What previously required clicking through multiple levels of web UI, downloading logs, and working through thousands of lines of output to find a single root cause now happens automatically. It is not rocket science — but it is some of the most time-consuming and draining work an engineer can be asked to do repeatedly.

Workflow definition: analyze-failures.md

Code Review Agent

When a merge request is opened, this agent performs a technical code review with the priorities of a senior engineer: security first, then correctness, then performance, then maintainability. It provides specific line references and concrete code examples for every issue it raises — not vague suggestions, but actual fixes. It reads prior review discussions before posting, avoids re-raising issues already addressed, and respects when a developer has explained an intentional design choice.

The result is consistent, high-quality review coverage on every merge request, with human reviewers free to focus on the issues that genuinely need their judgment.

The team is already pleased with the quality of the reviews — and this is only the beginning. A false positive costs nothing: a human reviewer reads it, disagrees, and moves on.
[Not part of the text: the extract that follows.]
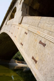 在主券上均勻沿橋?qū)挿较蛟O(shè)置5個鐵拉桿,穿過28道拱券,每個拉桿的兩端有半圓形桿頭露在石外,以夾住28道拱券,增強其橫向聯(lián)系;4個小拱上也各有一根鐵拉桿起同樣作用。
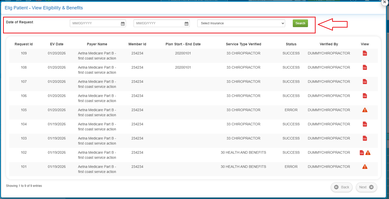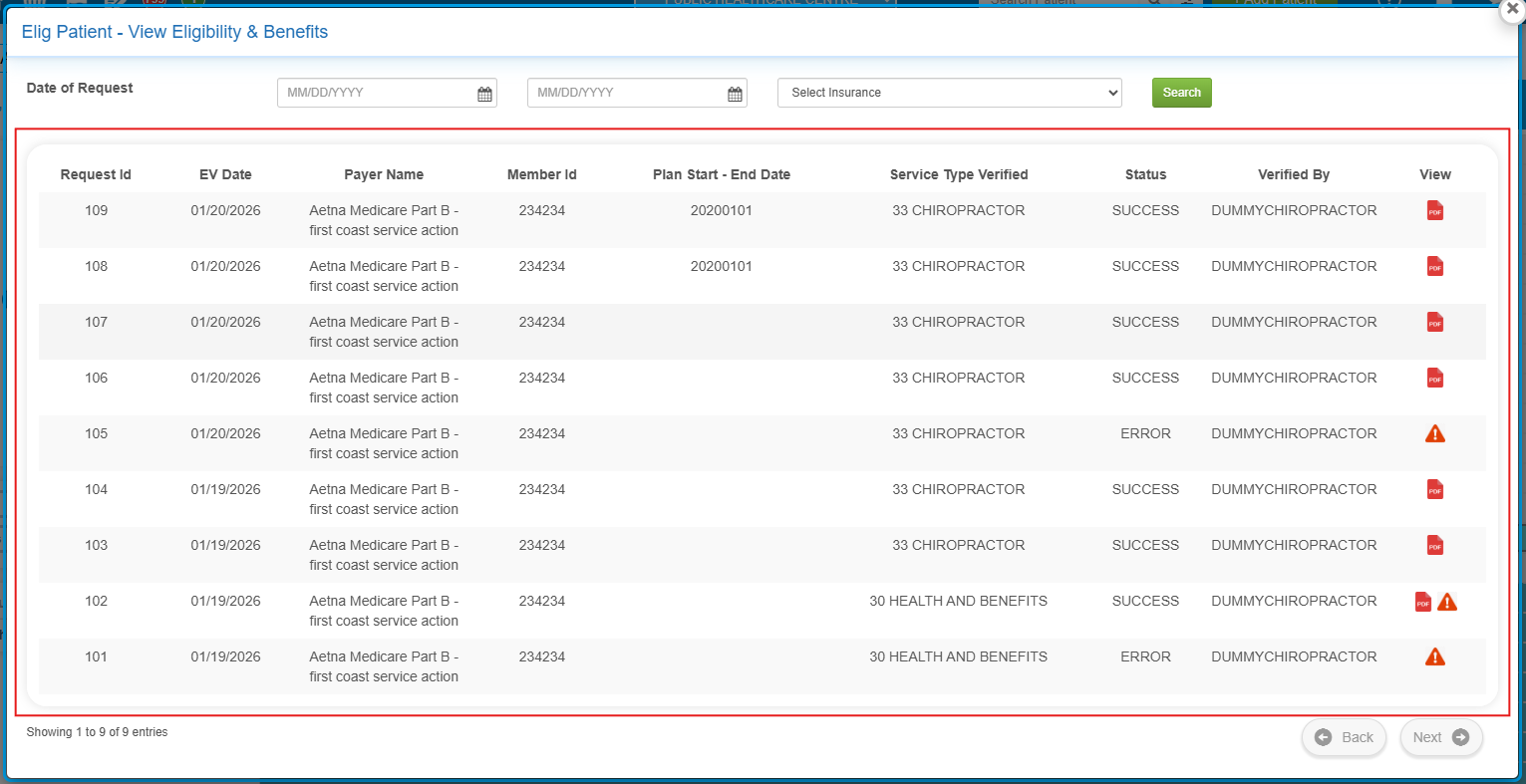 ![]() Note: If no filters are applied, the system will display all E&B verifications performed for the patient across all insurance plans on file. |

The design ensures that bad agent output has no blast radius. And as human reviewers comment on agent-produced work, the agent learns and incorporates that feedback — improving with every iteration.

Workflow definition: code-review.md

The near-term impact is measured in cycle time. A feature request that previously took weeks to move from intake through product assessment, implementation, documentation, and review can be compressed to days, sometimes hours. That changes what a small team can realistically take on. The longer-term picture is equally straightforward: the system already delivers value today. If agents continue to improve, Hummingbird benefits more. If they plateau, the team continues to operate at a level that would otherwise require far more people. The infrastructure built now is not a bet on a technology that might not materialize — it is an investment that is already paying off, with optionality for more.